Content starts

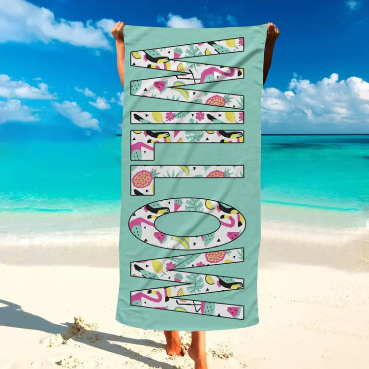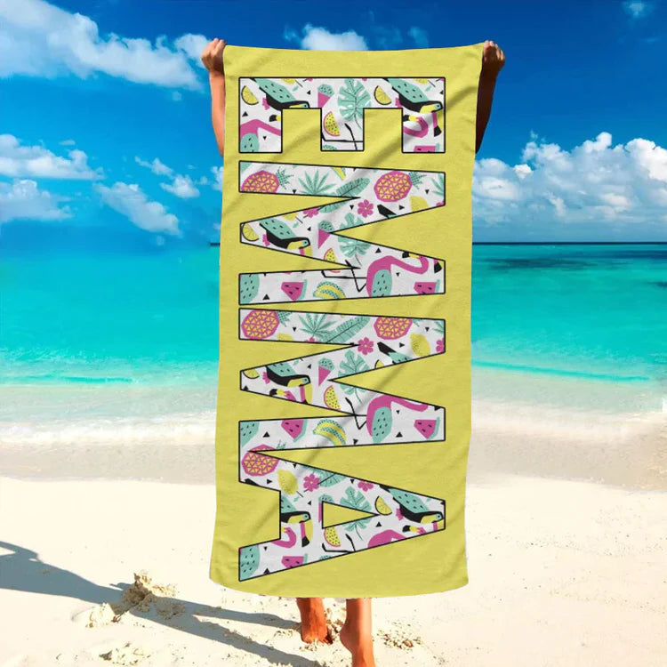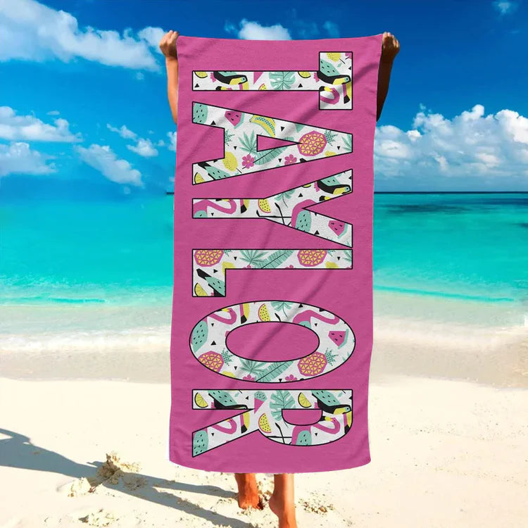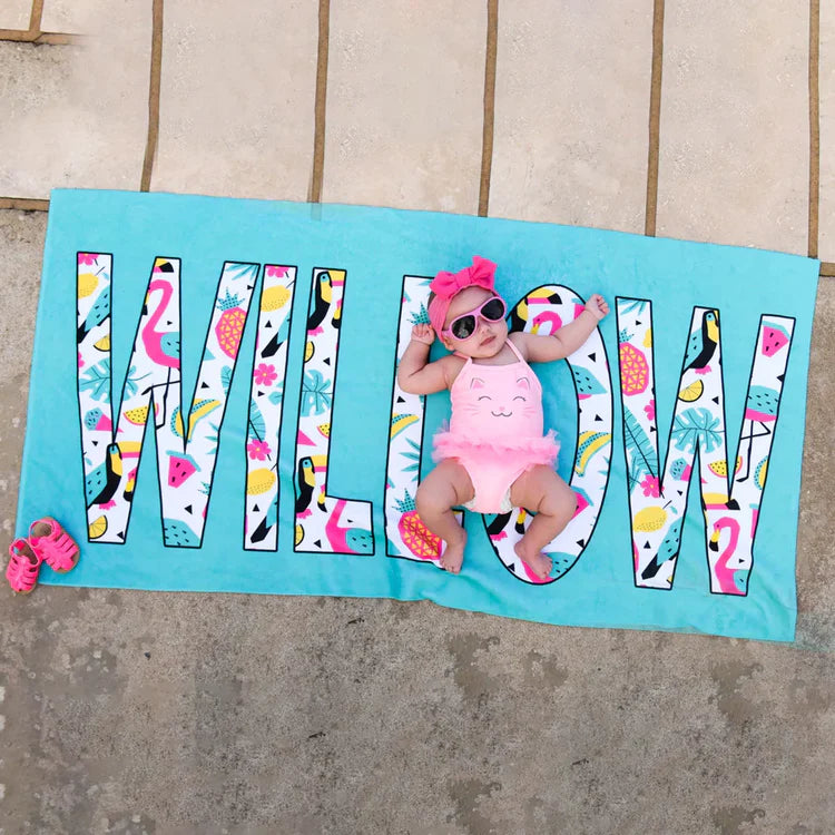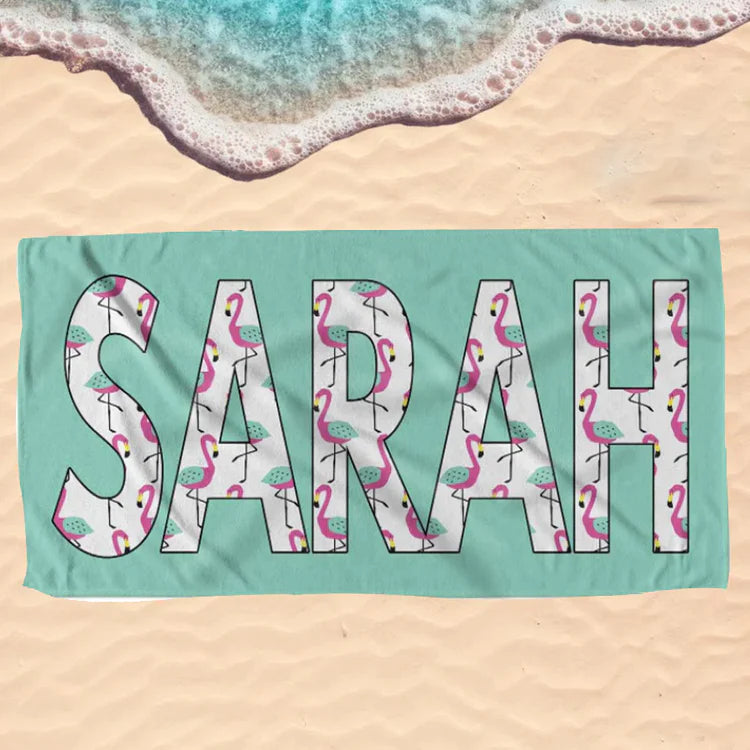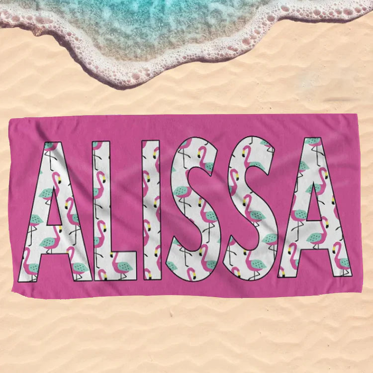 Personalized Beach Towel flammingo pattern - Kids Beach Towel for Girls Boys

Content ends
Content starts

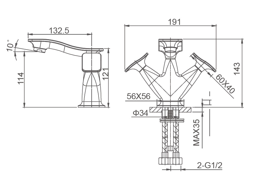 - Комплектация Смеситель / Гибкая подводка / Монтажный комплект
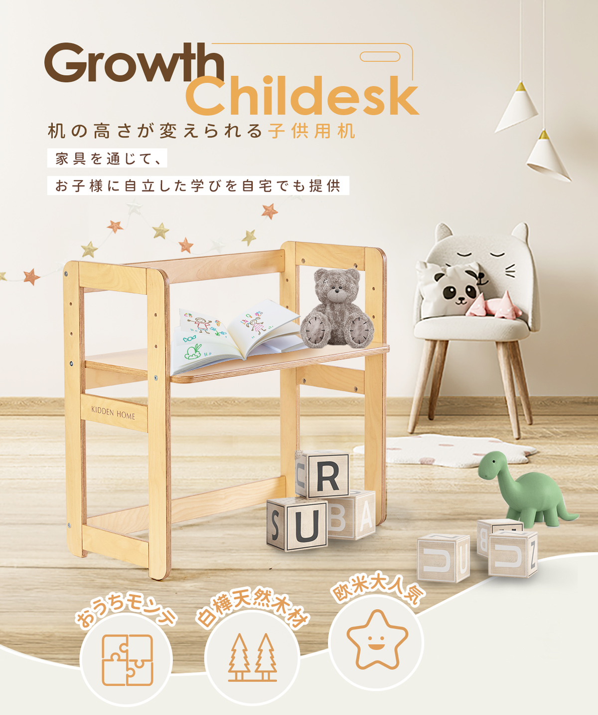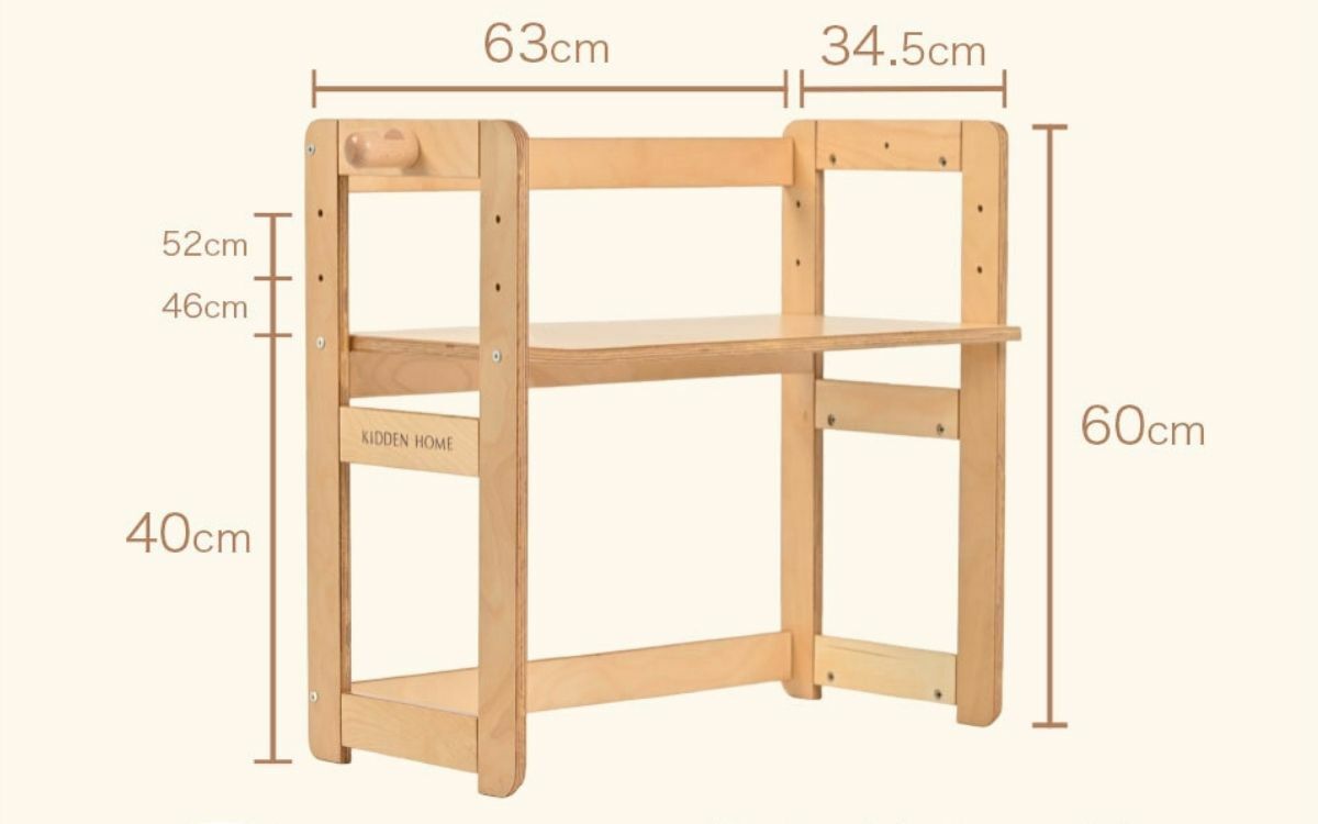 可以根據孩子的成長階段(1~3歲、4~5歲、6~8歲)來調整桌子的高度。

Content ends
Content starts

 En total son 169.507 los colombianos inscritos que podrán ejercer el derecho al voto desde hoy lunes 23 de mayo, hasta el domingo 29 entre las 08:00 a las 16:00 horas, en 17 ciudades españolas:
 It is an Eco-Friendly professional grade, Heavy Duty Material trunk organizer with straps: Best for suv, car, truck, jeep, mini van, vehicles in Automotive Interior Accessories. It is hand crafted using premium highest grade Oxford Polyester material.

Content ends

- [Work instruction] Among the entries above, locate the lines containing "En total son" and "It is an Eco-Friendly", and transcribe exactly those two lines and all lines between.

- [Exercise response]
 En total son 169.507 los colombianos inscritos que podrán ejercer el derecho al voto desde hoy lunes 23 de mayo, hasta el domingo 29 entre las 08:00 a las 16:00 horas, en 17 ciudades españolas:
 It is an Eco-Friendly professional grade, Heavy Duty Material trunk organizer with straps: Best for suv, car, truck, jeep, mini van, vehicles in Automotive Interior Accessories. It is hand crafted using premium highest grade Oxford Polyester material.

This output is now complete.